(Dataset excerpts)
..........

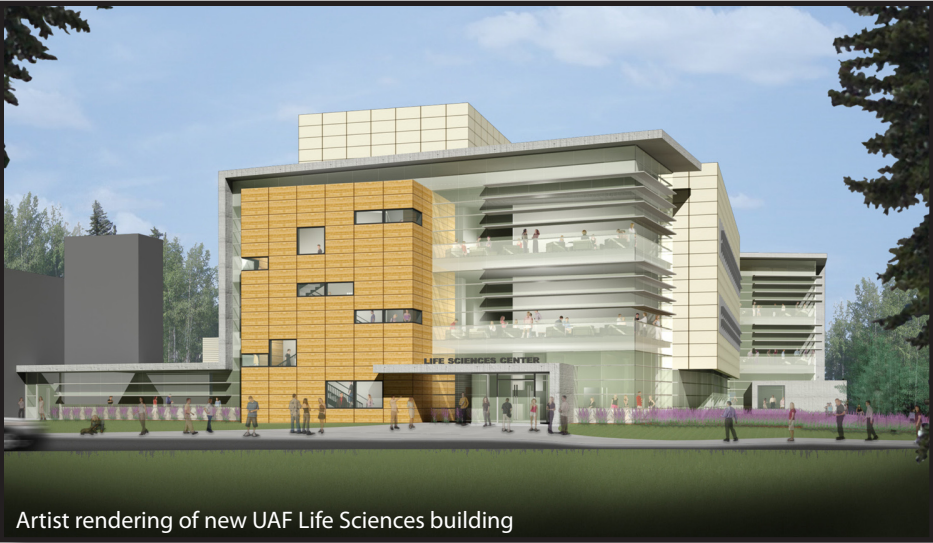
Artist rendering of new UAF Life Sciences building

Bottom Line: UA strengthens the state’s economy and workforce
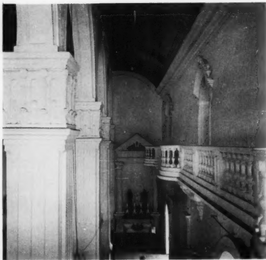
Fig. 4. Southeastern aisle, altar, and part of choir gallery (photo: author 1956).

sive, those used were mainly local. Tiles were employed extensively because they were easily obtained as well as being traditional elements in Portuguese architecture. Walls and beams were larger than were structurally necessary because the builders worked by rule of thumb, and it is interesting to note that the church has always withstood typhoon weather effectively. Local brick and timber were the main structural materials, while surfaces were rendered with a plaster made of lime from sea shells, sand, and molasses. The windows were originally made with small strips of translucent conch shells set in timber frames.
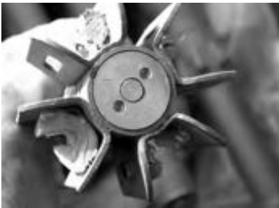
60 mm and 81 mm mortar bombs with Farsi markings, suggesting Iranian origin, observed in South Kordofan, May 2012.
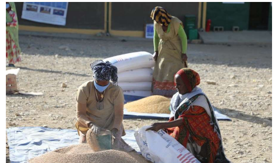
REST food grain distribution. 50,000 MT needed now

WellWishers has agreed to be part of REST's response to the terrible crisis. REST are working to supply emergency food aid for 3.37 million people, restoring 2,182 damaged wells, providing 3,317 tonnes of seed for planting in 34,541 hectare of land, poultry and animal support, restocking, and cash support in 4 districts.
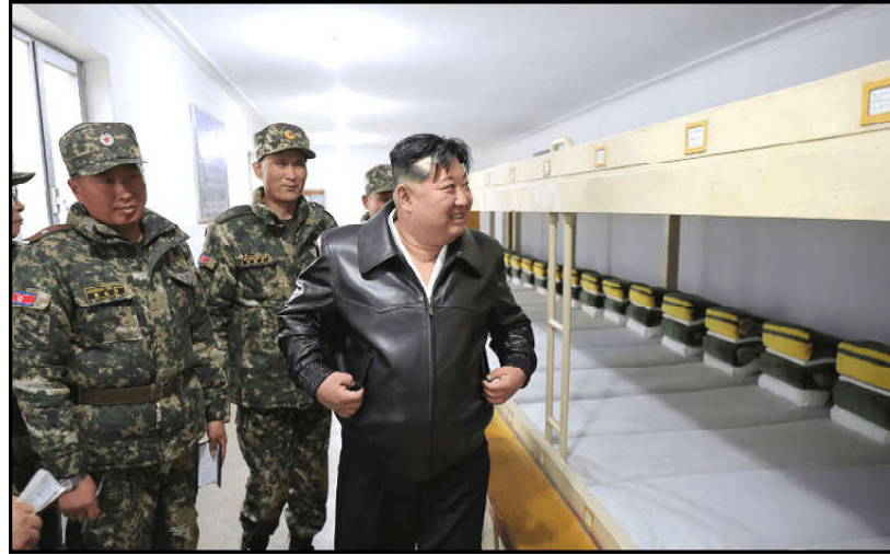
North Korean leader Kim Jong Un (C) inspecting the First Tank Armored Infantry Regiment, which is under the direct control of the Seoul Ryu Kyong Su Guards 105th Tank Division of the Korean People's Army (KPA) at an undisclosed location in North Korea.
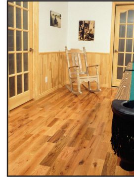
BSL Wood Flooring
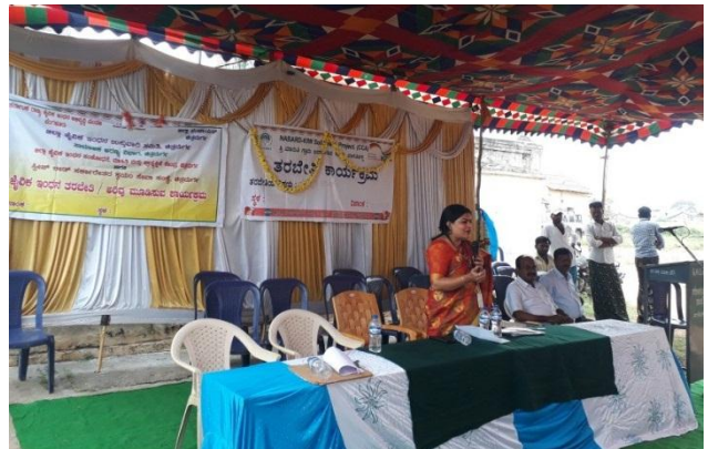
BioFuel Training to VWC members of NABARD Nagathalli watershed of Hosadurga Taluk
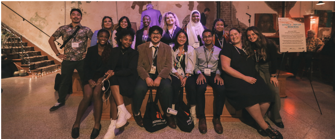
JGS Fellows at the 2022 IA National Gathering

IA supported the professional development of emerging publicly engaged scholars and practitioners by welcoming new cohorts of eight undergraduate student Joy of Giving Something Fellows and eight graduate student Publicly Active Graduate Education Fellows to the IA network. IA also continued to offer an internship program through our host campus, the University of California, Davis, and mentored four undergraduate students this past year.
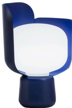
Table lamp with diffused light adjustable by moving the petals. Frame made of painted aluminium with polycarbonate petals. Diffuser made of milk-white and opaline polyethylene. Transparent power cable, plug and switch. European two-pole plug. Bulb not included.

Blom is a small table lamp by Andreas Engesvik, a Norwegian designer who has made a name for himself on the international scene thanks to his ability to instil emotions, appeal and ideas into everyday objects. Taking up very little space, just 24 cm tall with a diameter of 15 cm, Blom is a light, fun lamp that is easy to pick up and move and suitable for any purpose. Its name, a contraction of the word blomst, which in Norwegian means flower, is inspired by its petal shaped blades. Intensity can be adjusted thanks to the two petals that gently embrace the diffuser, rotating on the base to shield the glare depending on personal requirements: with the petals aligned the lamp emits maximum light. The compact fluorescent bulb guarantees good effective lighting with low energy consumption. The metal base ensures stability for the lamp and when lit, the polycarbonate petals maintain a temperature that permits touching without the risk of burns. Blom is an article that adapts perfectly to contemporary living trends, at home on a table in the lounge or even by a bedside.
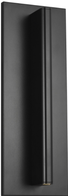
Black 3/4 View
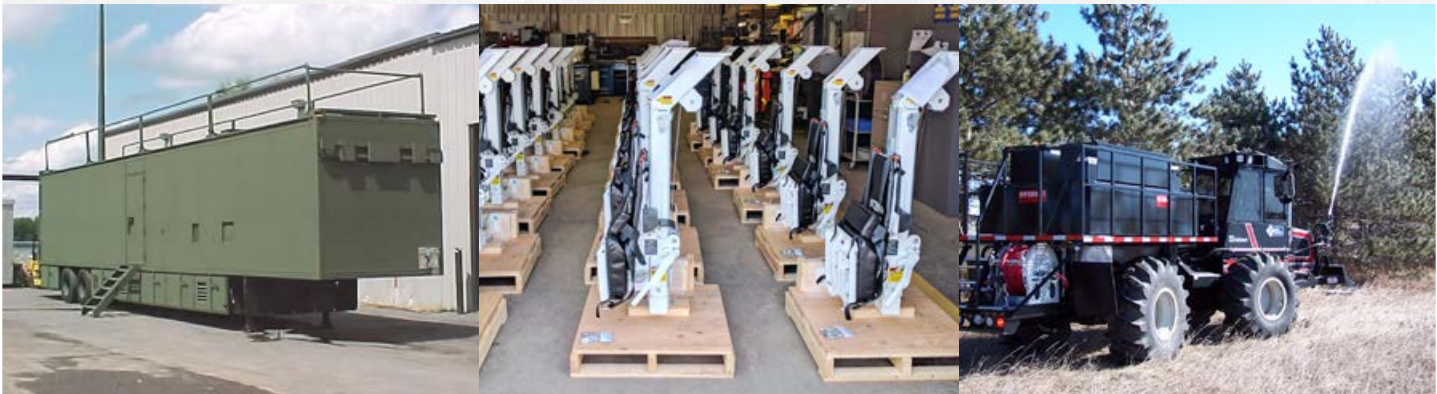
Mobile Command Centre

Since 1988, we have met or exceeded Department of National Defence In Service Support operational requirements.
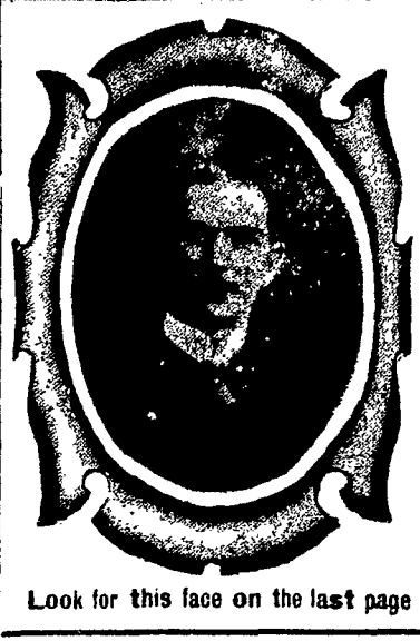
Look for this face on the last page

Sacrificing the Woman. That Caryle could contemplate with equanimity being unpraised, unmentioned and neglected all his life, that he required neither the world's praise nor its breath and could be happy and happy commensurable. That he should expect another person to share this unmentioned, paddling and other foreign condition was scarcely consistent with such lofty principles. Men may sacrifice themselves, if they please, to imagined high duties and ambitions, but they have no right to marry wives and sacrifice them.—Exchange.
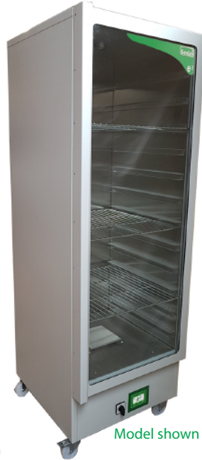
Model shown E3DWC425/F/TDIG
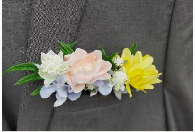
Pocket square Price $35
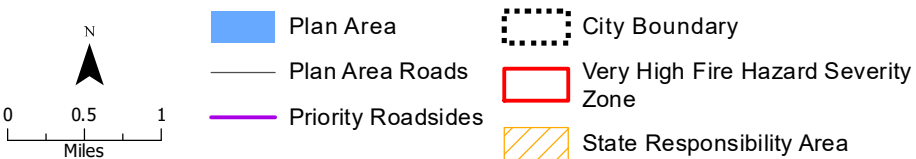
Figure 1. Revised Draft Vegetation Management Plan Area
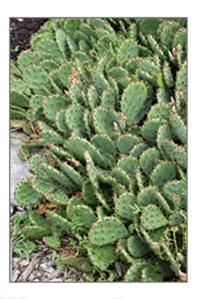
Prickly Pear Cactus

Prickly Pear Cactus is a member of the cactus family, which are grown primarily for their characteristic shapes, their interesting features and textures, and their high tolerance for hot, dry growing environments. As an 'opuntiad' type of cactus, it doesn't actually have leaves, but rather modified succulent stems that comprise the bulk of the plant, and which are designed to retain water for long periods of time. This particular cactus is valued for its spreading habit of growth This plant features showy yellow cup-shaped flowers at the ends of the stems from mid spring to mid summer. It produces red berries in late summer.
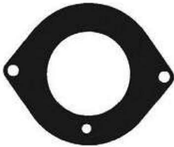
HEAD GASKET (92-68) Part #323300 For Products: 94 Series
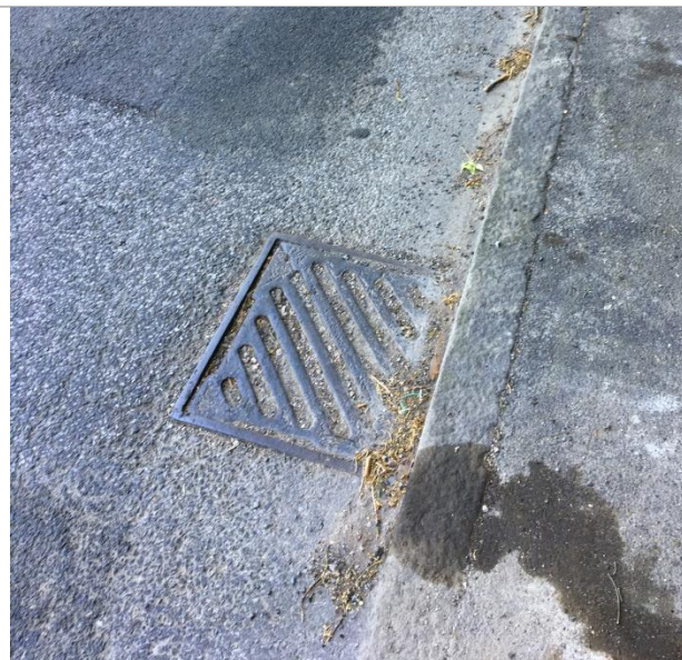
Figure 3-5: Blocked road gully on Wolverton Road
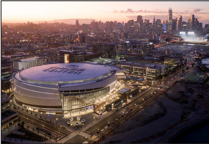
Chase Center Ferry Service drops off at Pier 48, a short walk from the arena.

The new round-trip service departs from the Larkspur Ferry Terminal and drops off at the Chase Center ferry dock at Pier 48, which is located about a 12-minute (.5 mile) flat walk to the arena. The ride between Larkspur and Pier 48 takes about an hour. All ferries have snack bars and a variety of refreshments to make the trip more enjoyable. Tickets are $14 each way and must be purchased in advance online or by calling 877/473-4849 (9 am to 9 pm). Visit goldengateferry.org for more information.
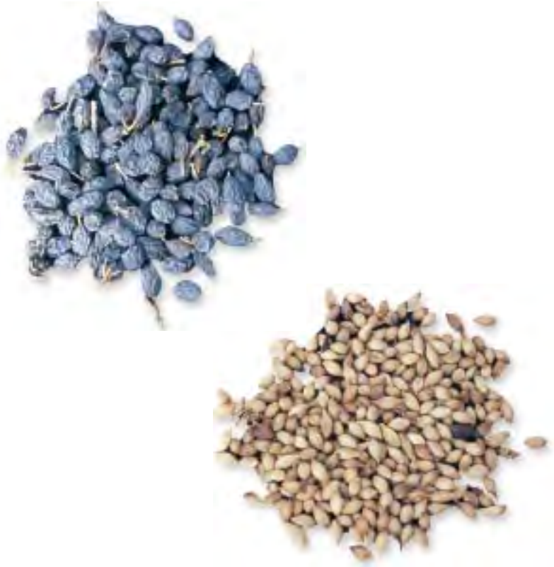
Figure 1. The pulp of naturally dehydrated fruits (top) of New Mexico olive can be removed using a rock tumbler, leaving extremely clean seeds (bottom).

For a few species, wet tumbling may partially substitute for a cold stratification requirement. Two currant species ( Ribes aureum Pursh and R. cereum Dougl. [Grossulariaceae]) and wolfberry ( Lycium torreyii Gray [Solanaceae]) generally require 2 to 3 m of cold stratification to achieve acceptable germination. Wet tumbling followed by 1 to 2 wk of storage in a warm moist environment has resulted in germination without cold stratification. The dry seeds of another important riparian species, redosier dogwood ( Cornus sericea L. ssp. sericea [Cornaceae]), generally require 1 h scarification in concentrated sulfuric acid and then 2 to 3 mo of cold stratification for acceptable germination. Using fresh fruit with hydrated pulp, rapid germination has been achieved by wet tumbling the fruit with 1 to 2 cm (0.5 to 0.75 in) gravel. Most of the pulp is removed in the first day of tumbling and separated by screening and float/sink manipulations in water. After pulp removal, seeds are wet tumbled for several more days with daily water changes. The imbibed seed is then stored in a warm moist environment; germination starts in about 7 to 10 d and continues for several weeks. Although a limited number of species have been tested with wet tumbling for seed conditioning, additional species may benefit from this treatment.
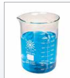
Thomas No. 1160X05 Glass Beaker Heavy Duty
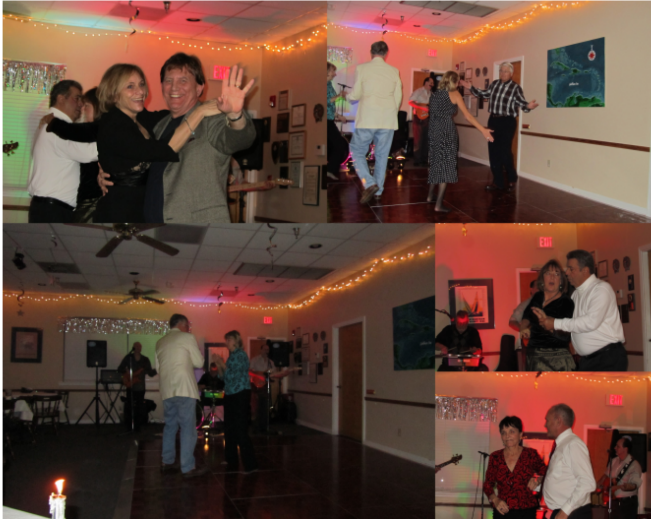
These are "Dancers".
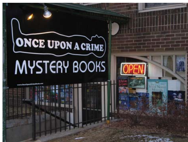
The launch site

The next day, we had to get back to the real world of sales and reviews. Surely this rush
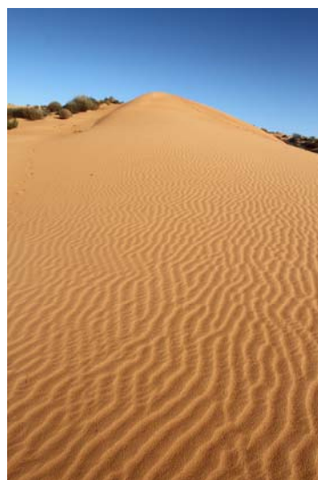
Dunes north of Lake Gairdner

..........

__Problem__. Word for word, copy all the entries above, but with no pictures.

__Answer to the exercise__.
Artist rendering of new UAF Life Sciences building

Bottom Line: UA strengthens the state’s economy and workforce
Fig. 4. Southeastern aisle, altar, and part of choir gallery (photo: author 1956).

sive, those used were mainly local. Tiles were employed extensively because they were easily obtained as well as being traditional elements in Portuguese architecture. Walls and beams were larger than were structurally necessary because the builders worked by rule of thumb, and it is interesting to note that the church has always withstood typhoon weather effectively. Local brick and timber were the main structural materials, while surfaces were rendered with a plaster made of lime from sea shells, sand, and molasses. The windows were originally made with small strips of translucent conch shells set in timber frames.
60 mm and 81 mm mortar bombs with Farsi markings, suggesting Iranian origin, observed in South Kordofan, May 2012.
REST food grain distribution. 50,000 MT needed now

WellWishers has agreed to be part of REST's response to the terrible crisis. REST are working to supply emergency food aid for 3.37 million people, restoring 2,182 damaged wells, providing 3,317 tonnes of seed for planting in 34,541 hectare of land, poultry and animal support, restocking, and cash support in 4 districts.
North Korean leader Kim Jong Un (C) inspecting the First Tank Armored Infantry Regiment, which is under the direct control of the Seoul Ryu Kyong Su Guards 105th Tank Division of the Korean People's Army (KPA) at an undisclosed location in North Korea.
BSL Wood Flooring
BioFuel Training to VWC members of NABARD Nagathalli watershed of Hosadurga Taluk
JGS Fellows at the 2022 IA National Gathering

IA supported the professional development of emerging publicly engaged scholars and practitioners by welcoming new cohorts of eight undergraduate student Joy of Giving Something Fellows and eight graduate student Publicly Active Graduate Education Fellows to the IA network. IA also continued to offer an internship program through our host campus, the University of California, Davis, and mentored four undergraduate students this past year.
Table lamp with diffused light adjustable by moving the petals. Frame made of painted aluminium with polycarbonate petals. Diffuser made of milk-white and opaline polyethylene. Transparent power cable, plug and switch. European two-pole plug. Bulb not included.

Blom is a small table lamp by Andreas Engesvik, a Norwegian designer who has made a name for himself on the international scene thanks to his ability to instil emotions, appeal and ideas into everyday objects. Taking up very little space, just 24 cm tall with a diameter of 15 cm, Blom is a light, fun lamp that is easy to pick up and move and suitable for any purpose. Its name, a contraction of the word blomst, which in Norwegian means flower, is inspired by its petal shaped blades. Intensity can be adjusted thanks to the two petals that gently embrace the diffuser, rotating on the base to shield the glare depending on personal requirements: with the petals aligned the lamp emits maximum light. The compact fluorescent bulb guarantees good effective lighting with low energy consumption. The metal base ensures stability for the lamp and when lit, the polycarbonate petals maintain a temperature that permits touching without the risk of burns. Blom is an article that adapts perfectly to contemporary living trends, at home on a table in the lounge or even by a bedside.
Black 3/4 View
Mobile Command Centre

Since 1988, we have met or exceeded Department of National Defence In Service Support operational requirements.
Look for this face on the last page

Sacrificing the Woman. That Caryle could contemplate with equanimity being unpraised, unmentioned and neglected all his life, that he required neither the world's praise nor its breath and could be happy and happy commensurable. That he should expect another person to share this unmentioned, paddling and other foreign condition was scarcely consistent with such lofty principles. Men may sacrifice themselves, if they please, to imagined high duties and ambitions, but they have no right to marry wives and sacrifice them.—Exchange.
Model shown E3DWC425/F/TDIG
Pocket square Price $35
Figure 1. Revised Draft Vegetation Management Plan Area
Prickly Pear Cactus

Prickly Pear Cactus is a member of the cactus family, which are grown primarily for their characteristic shapes, their interesting features and textures, and their high tolerance for hot, dry growing environments. As an 'opuntiad' type of cactus, it doesn't actually have leaves, but rather modified succulent stems that comprise the bulk of the plant, and which are designed to retain water for long periods of time. This particular cactus is valued for its spreading habit of growth This plant features showy yellow cup-shaped flowers at the ends of the stems from mid spring to mid summer. It produces red berries in late summer.
HEAD GASKET (92-68) Part #323300 For Products: 94 Series
Figure 3-5: Blocked road gully on Wolverton Road
Chase Center Ferry Service drops off at Pier 48, a short walk from the arena.

The new round-trip service departs from the Larkspur Ferry Terminal and drops off at the Chase Center ferry dock at Pier 48, which is located about a 12-minute (.5 mile) flat walk to the arena. The ride between Larkspur and Pier 48 takes about an hour. All ferries have snack bars and a variety of refreshments to make the trip more enjoyable. Tickets are $14 each way and must be purchased in advance online or by calling 877/473-4849 (9 am to 9 pm). Visit goldengateferry.org for more information.
Figure 1. The pulp of naturally dehydrated fruits (top) of New Mexico olive can be removed using a rock tumbler, leaving extremely clean seeds (bottom).

For a few species, wet tumbling may partially substitute for a cold stratification requirement. Two currant species ( Ribes aureum Pursh and R. cereum Dougl. [Grossulariaceae]) and wolfberry ( Lycium torreyii Gray [Solanaceae]) generally require 2 to 3 m of cold stratification to achieve acceptable germination. Wet tumbling followed by 1 to 2 wk of storage in a warm moist environment has resulted in germination without cold stratification. The dry seeds of another important riparian species, redosier dogwood ( Cornus sericea L. ssp. sericea [Cornaceae]), generally require 1 h scarification in concentrated sulfuric acid and then 2 to 3 mo of cold stratification for acceptable germination. Using fresh fruit with hydrated pulp, rapid germination has been achieved by wet tumbling the fruit with 1 to 2 cm (0.5 to 0.75 in) gravel. Most of the pulp is removed in the first day of tumbling and separated by screening and float/sink manipulations in water. After pulp removal, seeds are wet tumbled for several more days with daily water changes. The imbibed seed is then stored in a warm moist environment; germination starts in about 7 to 10 d and continues for several weeks. Although a limited number of species have been tested with wet tumbling for seed conditioning, additional species may benefit from this treatment.
Thomas No. 1160X05 Glass Beaker Heavy Duty
These are "Dancers".
The launch site

The next day, we had to get back to the real world of sales and reviews. Surely this rush
Dunes north of Lake Gairdner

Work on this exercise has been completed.